(Saved data entries)
★ ★ ★ ★ ★ ★ ★

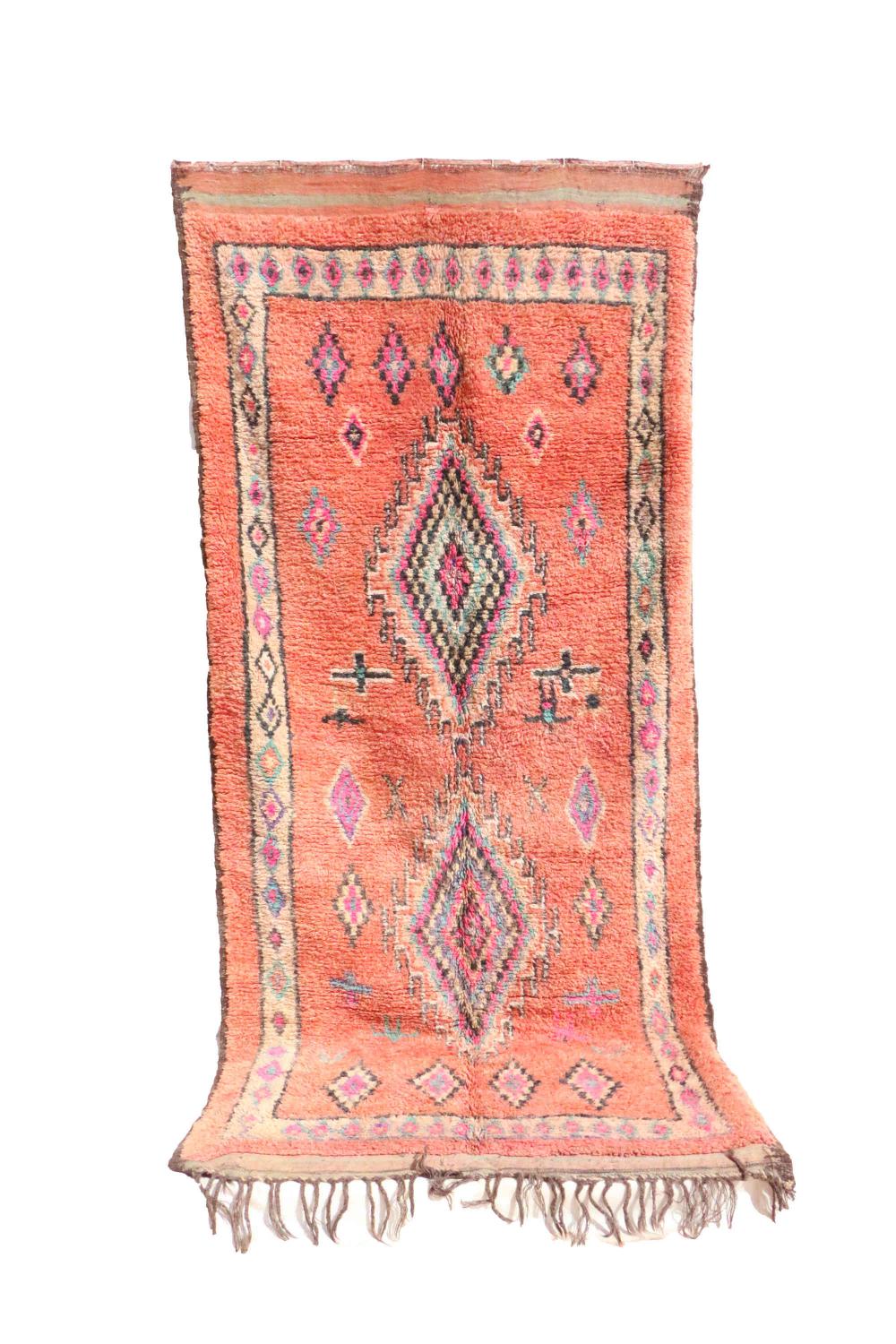 Boujad Moroccan Carpet, Berber 6x13 feet Pink - Peach Floor Carpet
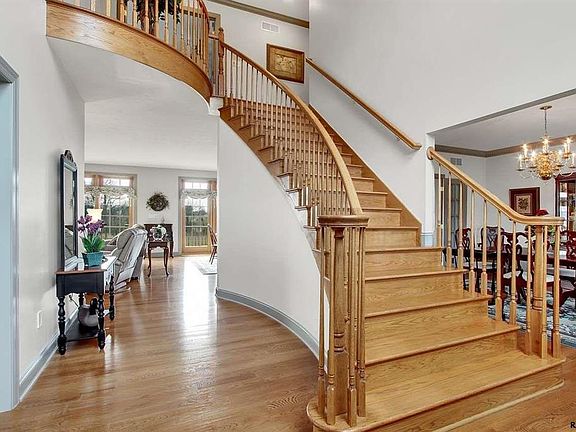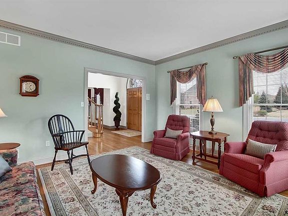 All brick custom Kinsley built 2 story. Custom Weir kitchen with island wet bar and granite tops, 2 master suites with luxurious baths (one with fireplace), crown moldings, family room with masonry stone fireplace, apex vinyl deck with awning overlooking open space, walk out rec room to a patio area. Home warranty included.
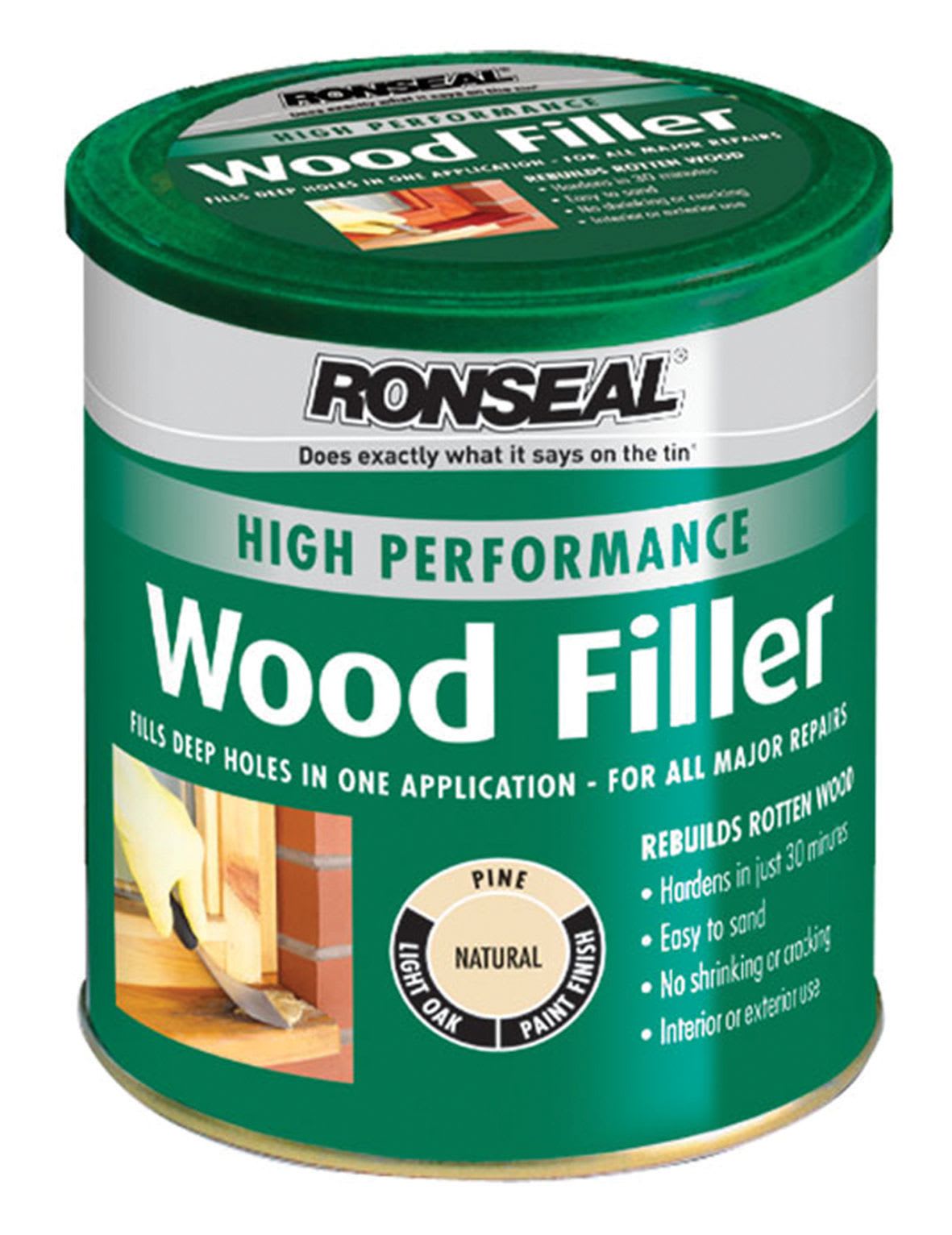 Ronseal High Performance Wood Filler has a two-part system that creates seriously tough repairs to virtually any interior or exterior wood. You can fill to any depth and even drill, screw or plane it.
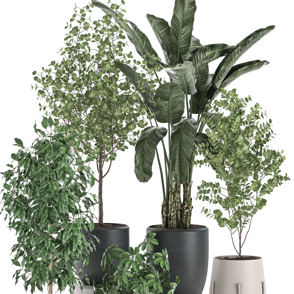 Decorative plants for interior decoration in pots.Houseplantsexotic plantsTropical plantsEucalyptus cinereaArgyle AppleDecorative trees for interiorFicus benjaminabanana palmRavenala madagascariensisStrelitziaSchefflera arboricola
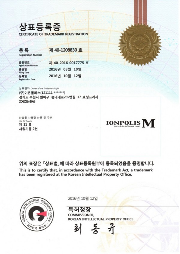 [특허 및 인증서] 상표등록증 ionpolis m
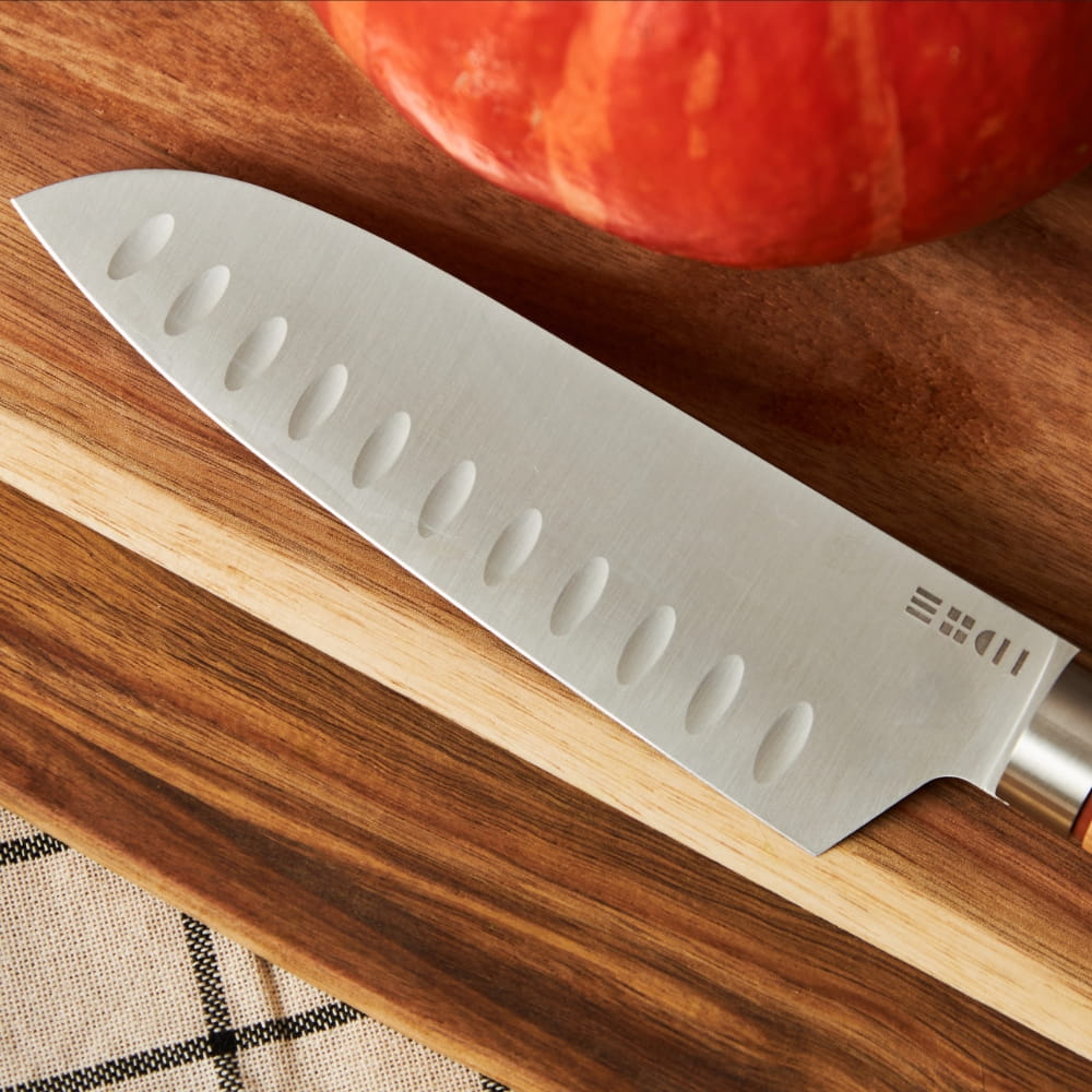The ETCH style is a bold fusion of Japanese minimalism and French functionality. Designed in Paris, our knives are distinguished by clean lines and a balanced silhouette that fits comfortably in any hand. This minimalist design makes no compromises on performance, offering cooking enthusiasts a tool that is as beautiful to behold as it is efficient to use every day.
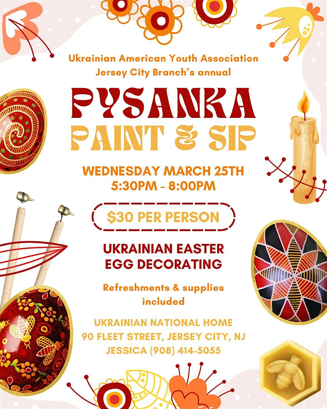 Join the Ukrainian American Youth Association of Jersey City for a Pysanka Paint & Sip!

★ ★ ★ ★ ★ ★ ★

Reproduce the records in full, exactly as they appear, and show none of the pictures.

 Boujad Moroccan Carpet, Berber 6x13 feet Pink - Peach Floor Carpet
 All brick custom Kinsley built 2 story. Custom Weir kitchen with island wet bar and granite tops, 2 master suites with luxurious baths (one with fireplace), crown moldings, family room with masonry stone fireplace, apex vinyl deck with awning overlooking open space, walk out rec room to a patio area. Home warranty included.
 Ronseal High Performance Wood Filler has a two-part system that creates seriously tough repairs to virtually any interior or exterior wood. You can fill to any depth and even drill, screw or plane it.
 Decorative plants for interior decoration in pots.Houseplantsexotic plantsTropical plantsEucalyptus cinereaArgyle AppleDecorative trees for interiorFicus benjaminabanana palmRavenala madagascariensisStrelitziaSchefflera arboricola
 [특허 및 인증서] 상표등록증 ionpolis m
The ETCH style is a bold fusion of Japanese minimalism and French functionality. Designed in Paris, our knives are distinguished by clean lines and a balanced silhouette that fits comfortably in any hand. This minimalist design makes no compromises on performance, offering cooking enthusiasts a tool that is as beautiful to behold as it is efficient to use every day.
 Join the Ukrainian American Youth Association of Jersey City for a Pysanka Paint & Sip!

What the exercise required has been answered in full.